Joseph Genualdi (born 1954) is an American violinist.

==Early life and education==
The son of professional musicians, Genualdi was born in Clinton, Iowa, and grew up in Connecticut. His formal training began at age 11, as a private student of Broadus Erle at Yale University. Three years later he enrolled at The North Carolina School of the Arts studying violin with Vartan Manoogian. Upon graduation, he was admitted to the Curtis Institute of Music where he continued his violin studies with Jascha Brodsky and Ivan Galamian. During his years at Curtis he formed a lifelong friendship with Felix Galimir.He was a fellow of Silliman College at Yale University and the recipient of the Wardwell Fellowship at The Yale School of Music.

==Career==
At age 22 Genualdi won an audition to serve as associate concertmaster of the San Francisco Symphony; it was during this time that he became a founding member and first violinist of the Muir Quartet. Under the aegis of the Wardwell Fellowship at Yale University, the Muir captured international attention by winning first prize in 1980 at Le Concours d'Evian and also the 1981 Walter W. Naumburg Chamber Music Award. Their performance at the White House was featured on national television. With pianist Jean-Philippe Collard, the Muir Quartet (with Genualdi as first violin) won the Grand Prix du Disque for their recording of the César Franck piano quintet.

In addition to his participation in the Muir Quartet, Joseph Genualdi has been violinist of the Los Angeles Piano Quartet, a founding member of the Chicago String Quartet, and artistic director for seventeen years of the Chicago Chamber Musicians.

Genualdi has participated in many festivals including Spoleto (Italy), Ravinia, Taos, Affinis (Japan), Kneisel Hall, Euro Arts, Bravo Colorado, Skaneateles, Angel Fire, Nîmes (France), and Cheltenham. But his most enduring affiliation was with the Marlboro Festival and Rudolf Serkin, a guiding influence on his career. His other mentors have included Menahem Pressler, Oscar Shumsky, Raphael Hillyer and Mieczysław Horszowski.

Genualdi has served on the faculties of Yale University, the University of Oregon, DePaul University, California State University—Northridge – The University of North Carolina School of the Arts. He has taught summers at the Taos School of Music, Kneisel Hall, Interharmony (Italy) and the Euro Arts Festival in Leipzig, Germany. He is currently Professor of Violin at the UMKC Conservatory.

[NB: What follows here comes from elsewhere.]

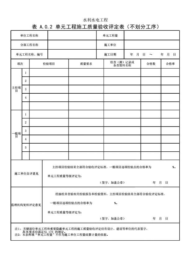 表 A.0.2 单元工程施工质量验收评定表(不划分工序)
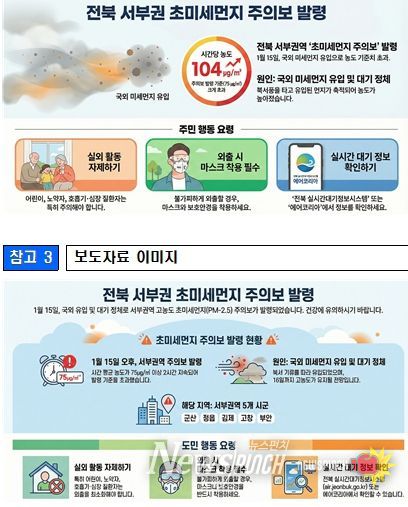 뉴스펀치 최영남 기자 | 전북특별자치도 보건환경연구원은 1월 15일 오후 국외 미세먼지 유입의 영향으로 초미세먼지(PM-2.5) 주의보를 발령했다.

A longtime supporter of new music, Joseph Genualdi has worked closely with numerous composers: Richard Wilson, Pierre Boulez, Chen Yi, George Perle, John Harbison, David Del Tredici, Ned Rorem, James Mobberly, William Bolcom, Ellen Taaffe Zwillich, Aaron Jay Kernis, Steven Stucky, Zhou Long, Bernard Rands, John Corigliano, Paul Rudy and Peter Lieberson – among many others. He is featured on thirteen commercially available CDs on such labels as EMI, Musical Heritage Society, Sony Classics, Albany Records, Summit, Cedille Records, Music Masters-Pickwick, and Naxos.

Genualdi, who won first prize in the Hudson Valley Philharmonic International String Competition, continues his career as soloist in frequent concerto performances and duo recitals.
In April 2023 Joseph Genualdi served as a member of the jury for the Josef Hassid International Violin Competition in Tartu, Estonia.